Disable lenient parsing in DateFormType

[gilisd]

FastDateFormat.parseObject() silently accepted invalid dates by rolling over values (e.g. month 13 became month 1 of the next year). Use SimpleDateFormat with setLenient(false) to reject invalid dates.

Check List:

• Unit tests: YES
• Documentation: NA

[jbarrez]

Thanks @gilisd,

Good catch.

Looking at the existing code, there is now the dateFormat field which gets initialized in the constructor. However, it's now only used in the other method. Isn't there anything in the FastDateFormat class that can be used to reuse the field?

[gilisd]

Thanks @gilisd,

Good catch.

Looking at the existing code, there is now the dateFormat field which gets initialized in the constructor. However, it's now only used in the other method. Isn't there anything in the FastDateFormat class that can be used to reuse the field?

Good point. FastDateFormat does not support setLenient(false) — it is explicitly lenient by default, so it cannot be used for strict parsing.

We addressed your concern by removing the dateFormat field entirely. Both methods now use a local SimpleDateFormat instance, which keeps the code consistent and avoids shared state.

Thread-safety is preserved since local variables are per-thread. The overhead of creating a new instance per call is acceptable as these methods are not expected to be called frequently on the same object.

[filiphr]

@gilisd in order to avoid the creation of the date pattern on every conversion, can't we create 2 fields? Thread safety is fine since we are not going to change those 2 fields at any time.

[filiphr]

@gilisd, thinking a bit more about this.
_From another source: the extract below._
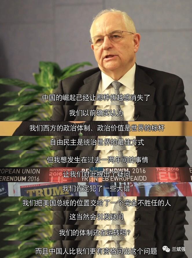 “我们曾经认为我们西方的政治体制、政治价值是世界的标杆,自由民主是统治世界的最佳方式,但我想发生在过去一两年间的事情,让我们对此也提出了疑问。我们肯定犯了一些大错,才会把美国总统的位置交给了一个完全不胜任的人。这当然会引发疑问:我们的体制还在运转吗?而且中国人比我们更有资格问出这个问题。 西方的确应该自问,我们是否还有自信的资本。”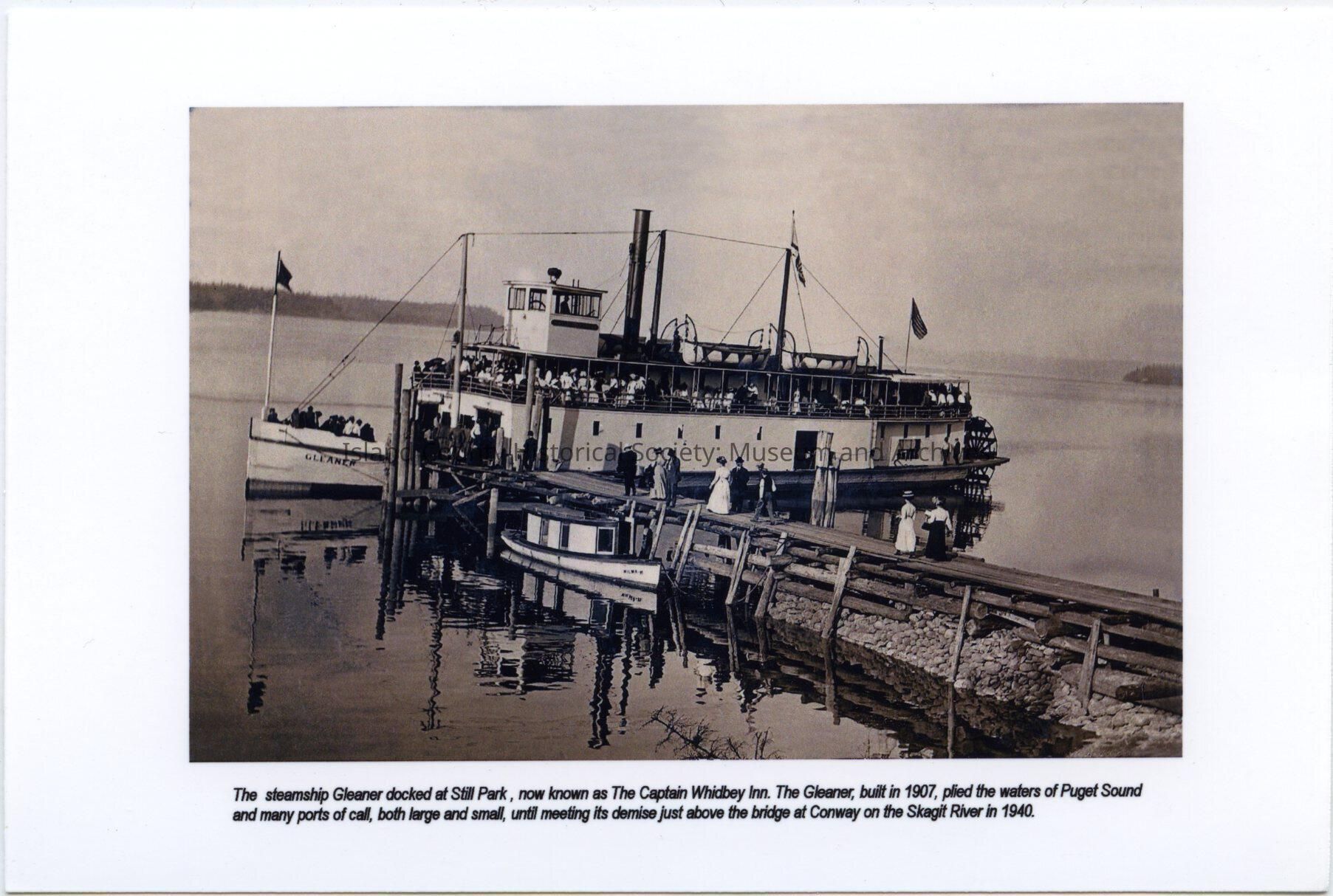 Caption at the bottom: "The steamship Gleaner docked at Still Park, now known as the Captain Whidbey Inn. The Gleaner, built in 1907, plied the waters of Pugget Sound and many ports of call, both large and small, until meeting its demise just above the bridge at Conway on the Skagit river in 1940".

This PR now fully disables lenient parsing and we switch the date format from FastDateFormat to SimpleDateFormat.

Looking at the Javadoc of FastDateFormat it says:

Javadoc cites for the year pattern: For formatting, if the number of pattern letters is 2, the year is truncated to 2 digits; otherwise it is interpreted as a number. Starting with Java 1.7 a pattern of 'Y' or 'YYY' will be formatted as '2003', while it was '03' in former Java versions. FastDateFormat implements the behavior of Java 7.

Perhaps we need to keep the FastDateFormat for the formatting, otherwise it could be a behaviour change. Additionally, we perhaps need to offer lenientDateFormat or lenientDateFormatParse as a boolean flag to FormProperty and DateFormType in order to allow for backwards compatibility in case someone relied on the lenient parsing.

[DavidGilis]

@jbarrez @filiphr Thanks for the review. I've reworked the PR based on your comments — a summary of what changed and why:

FastDateFormat field restored — formatting unchanged. convertModelValueToFormValue and the lenient parse path use the shared FastDateFormat field again, so there is no behaviour change in formatting. Side note on the Y-pattern concern: that javadoc passage describes the Java ≤6 vs 7+ difference, and on the JDK 17 baseline both implementations produce identical output for the patterns I tested. Keeping FastDateFormat for formatting still seems the safer choice, so I did.

Why the strict parse path has no second field. Strict parsing now uses DateUtils.parseDateStrictly(value, datePattern), which besides disabling leniency also rejects trailing characters — a plain non-lenient SimpleDateFormat still accepted "15/06/2024abc", since parse() only matches a prefix. On the two-fields suggestion: form types registered on the engine (the default "date" type and anything in customFormTypes) are engine-wide singletons used concurrently, and SimpleDateFormat is unsafe under concurrent use even when the field reference never changes — its internal Calendar mutates during parse. The per-datePattern instances are in any case rebuilt on every form command by FormHandlerHelper, so a parse-side field would save one pattern compilation per submit. A local parse seemed the better trade-off.

Backwards compatibility: lenientDateParsing on two levels. As suggested, there is now an opt-out — as an engine-wide default (ProcessEngineConfiguration.setLenientDateParsing) and as a per-property BPMN attribute (<flowable:formProperty ... lenientDateParsing="true"/>), with the property-level value taking precedence (Boolean: absent = follow engine default). That gives installations a single switch to restore the old behaviour, and per-definition granularity — which also covers multi-tenant setups, since deployments are tenant-scoped. I kept strict as the default because lenient rollover silently stores corrupted dates: the problem then surfaces far downstream as wrong data to troubleshoot, instead of a parse error at the boundary. I picked the name lenientDateParsing over lenientDateFormatParse since it names the behaviour rather than the implementing class — I can rename if you prefer your original suggestion.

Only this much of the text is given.